Good Lord. I'm beginning to feel like the SuperNanny to the
young-and-outta-control celeb set. Apparently, some of you are in desperate need of a mama moment. Especially you, Lindsey, so please, take a turn in the Naughty Seat. While
your own mama adamantly defends (a-
enable-hems) your actions over a double tall Red Bull and Grey Goose and Egg Beaters breakfast sandwich,
please please please take a break from the snorting and taking sneaky peeks in a water bottle to listen up.
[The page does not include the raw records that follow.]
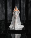 One of the most captivating elements is the dramatic, floor-length veil, crafted from sheer, beaded fabric that cascades effortlessly to the ground. The veil is seamlessly integrated into the gown’s design, enhancing its grandeur and creating an angelic aura.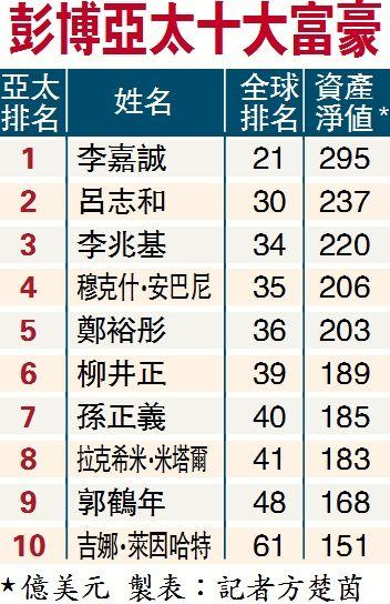 根據(jù)彭博億萬富豪指數(shù)的最新排名,李嘉誠以295億美元仍成為亞洲區(qū)首富,并在彭博的全球富豪榜排名21位;呂志和以237億美元居亞洲第二富,在彭博全球富豪榜中排名第30位。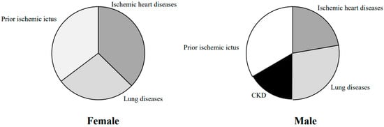 The clinical characteristics of our population, by gender differences, are described in Table 1. In female DM-HT COVID-19 patients, compared to males, we observed a higher frequency of ischemic heart diseases, which aligns with another study [] (47.5% versus 14.8%, respectively, p: 0.001). Additionally, we report a higher prevalence of lung diseases in DM-HT COVID-19 patients, compared to males (34.8% versus 18.5%, respectively, p: 0.001) and prior ischemic ictus (44.9% versus 22.2%, respectively, p: 0.001). Conversely, in male DM-HT COVID-19 patients, compared to females, we observed a higher proportion of renal diseases (0.1% versus 11.1%, respectively, p: 0.001) (Figure 1).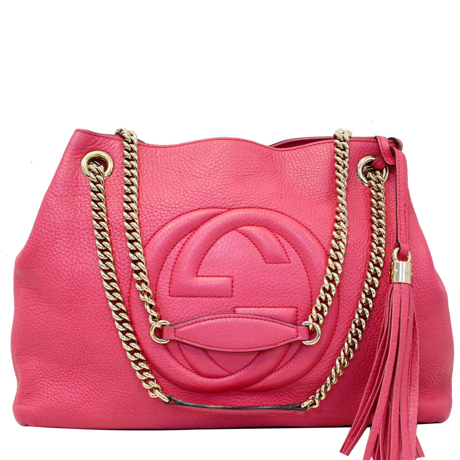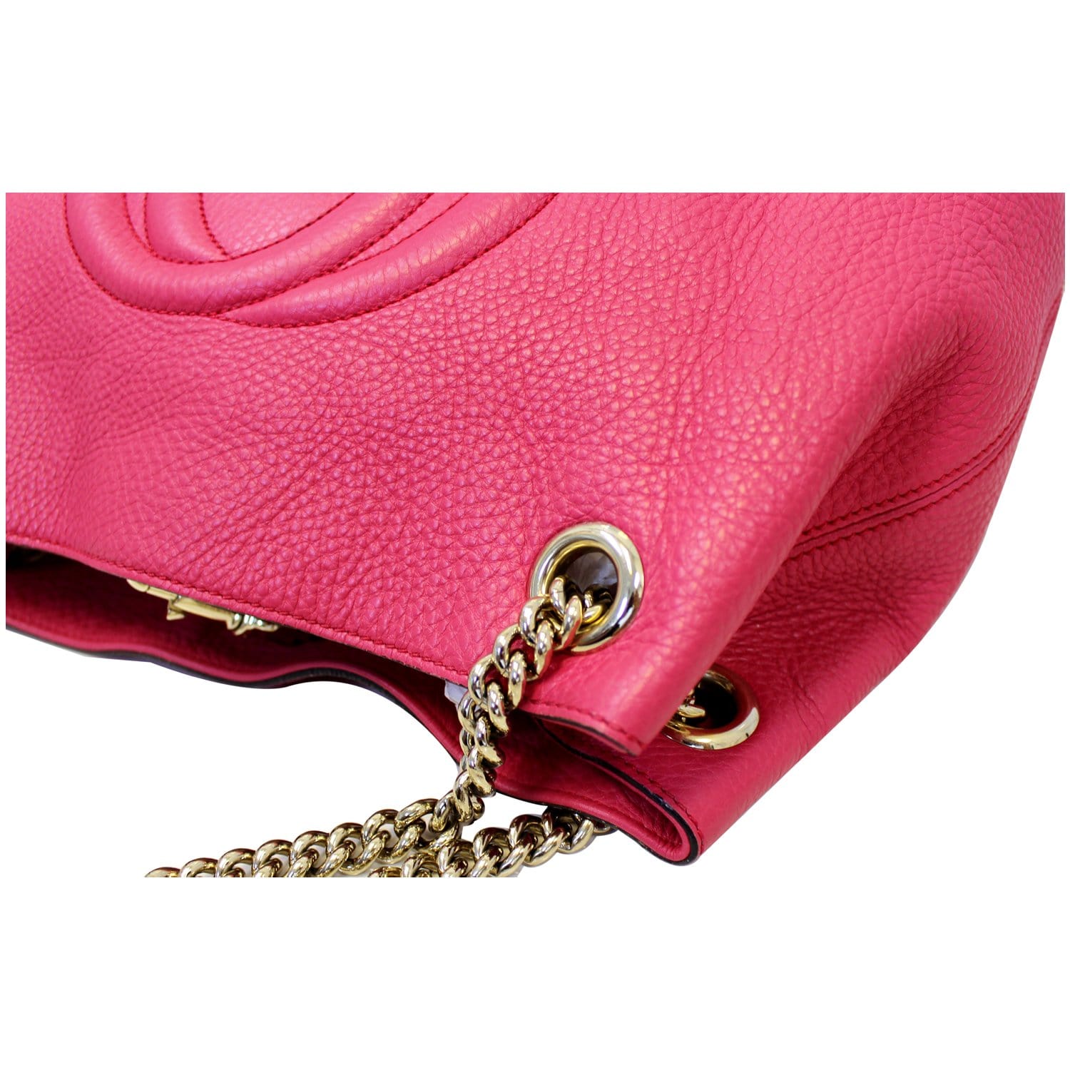 GUCCI Soho Pebbled Leather Chain Shoulder Bag Pink

First of all, no, I will not call you LiLo. No matter how tempting it is. No matter how much I love it-girl pet names. It is just too close to J-Lo, who has handled her own media bumbles with grace and a fabulous handbag. In fact, you should get used to people not calling you LiLo. Or calling you at all. I think it is a safe assumption that your AIM name and cell number have been deleted by casting agents everywhere. Your incessant stunts may eventually lead to a huge PR comeback at some point, but believe you me, you are heading quickly toward Anna Nicole status. That's right, muffin, famous for nothing. Well, nothing other than slurred speech, natural looking extensions, and a glistening bosom.
Second, seriously?
Passing out, puking, crashing your car and then running? It actually pains me to see these pictures. Hopefully, it will get to you too. Otherwise, you will just keep on keeping on as the Booze-onic Woman, hurling your vehicle at innocent trees and (God forbid) bystanders and then sprinting past the paparazzi to the next bar that honors your "ID" or "friend" who doesn't mind you heaving and passing out in their Beemer.